» What to work on:
Figure out the number of lines in the entries that hold the string "This", then give that number and nothing else.

» Data for analysis:

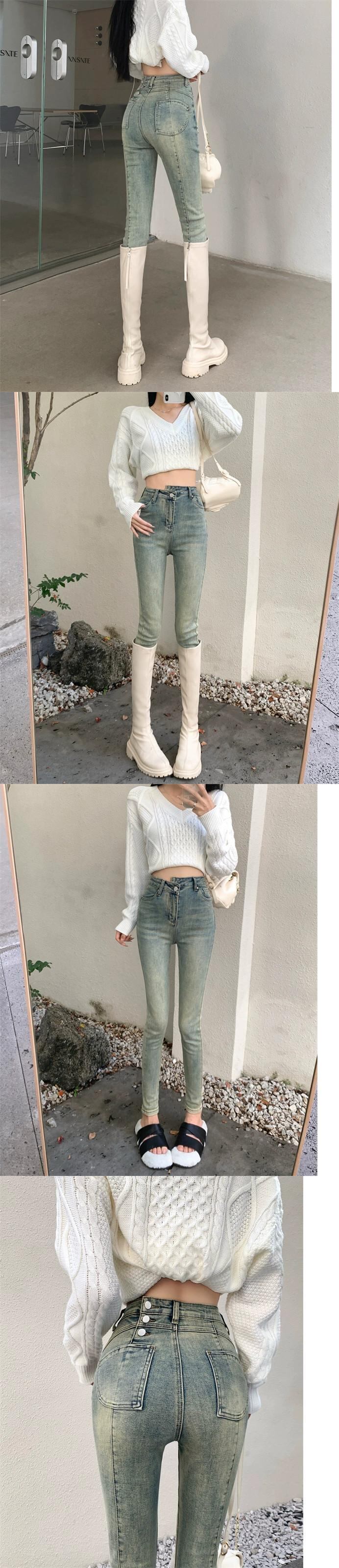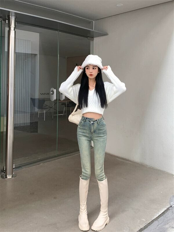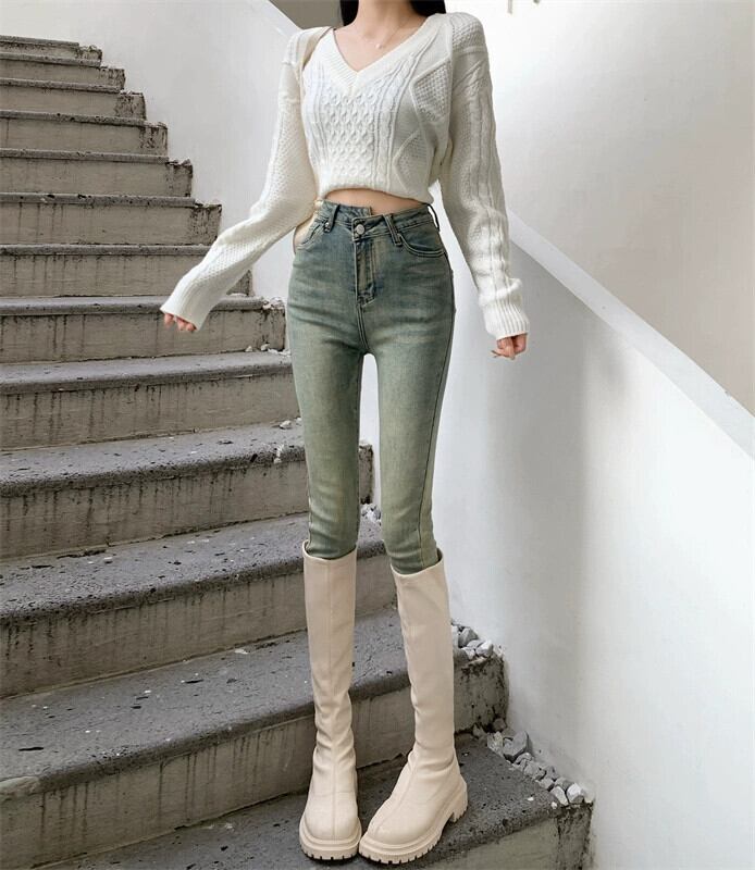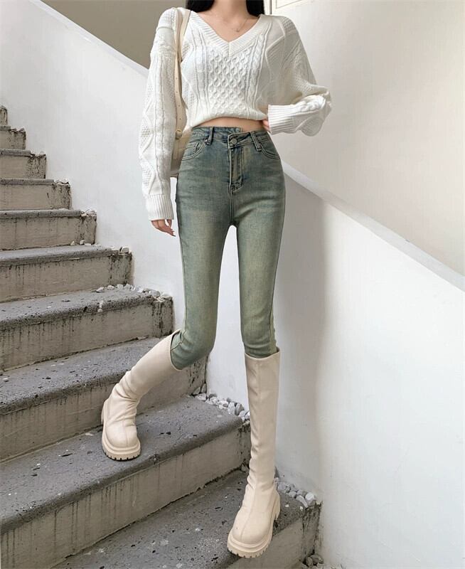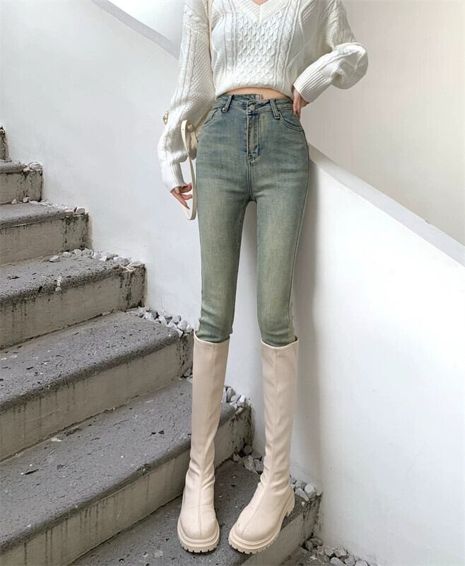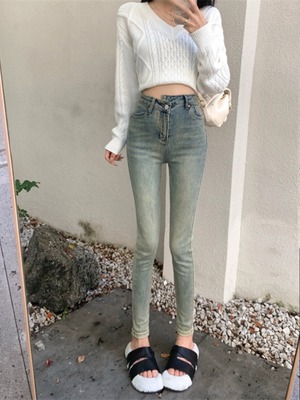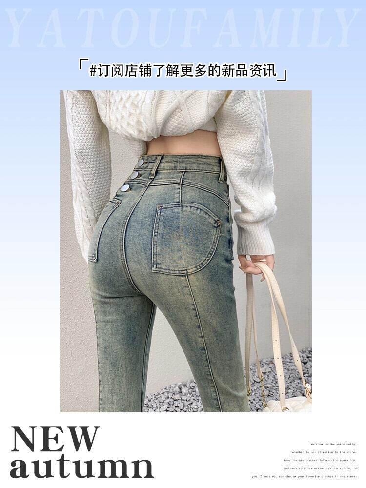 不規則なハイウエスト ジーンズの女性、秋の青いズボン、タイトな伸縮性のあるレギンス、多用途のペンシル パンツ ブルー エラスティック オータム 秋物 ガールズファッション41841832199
==
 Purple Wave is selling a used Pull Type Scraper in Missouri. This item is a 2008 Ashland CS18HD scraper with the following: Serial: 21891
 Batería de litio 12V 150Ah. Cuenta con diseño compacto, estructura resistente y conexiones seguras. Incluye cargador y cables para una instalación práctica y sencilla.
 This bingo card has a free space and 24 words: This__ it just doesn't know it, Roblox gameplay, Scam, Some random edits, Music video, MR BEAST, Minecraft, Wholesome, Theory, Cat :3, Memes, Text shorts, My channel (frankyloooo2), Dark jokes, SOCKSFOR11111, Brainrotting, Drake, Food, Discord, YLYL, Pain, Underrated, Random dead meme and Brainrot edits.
* * *
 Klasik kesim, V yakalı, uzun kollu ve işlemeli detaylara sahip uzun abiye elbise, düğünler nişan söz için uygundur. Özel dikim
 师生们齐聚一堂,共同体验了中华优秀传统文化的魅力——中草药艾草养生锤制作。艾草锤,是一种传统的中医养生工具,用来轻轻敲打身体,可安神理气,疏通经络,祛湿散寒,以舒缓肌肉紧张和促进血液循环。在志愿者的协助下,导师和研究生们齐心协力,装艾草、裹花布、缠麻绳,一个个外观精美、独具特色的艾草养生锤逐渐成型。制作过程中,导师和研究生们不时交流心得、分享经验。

» Your response:
2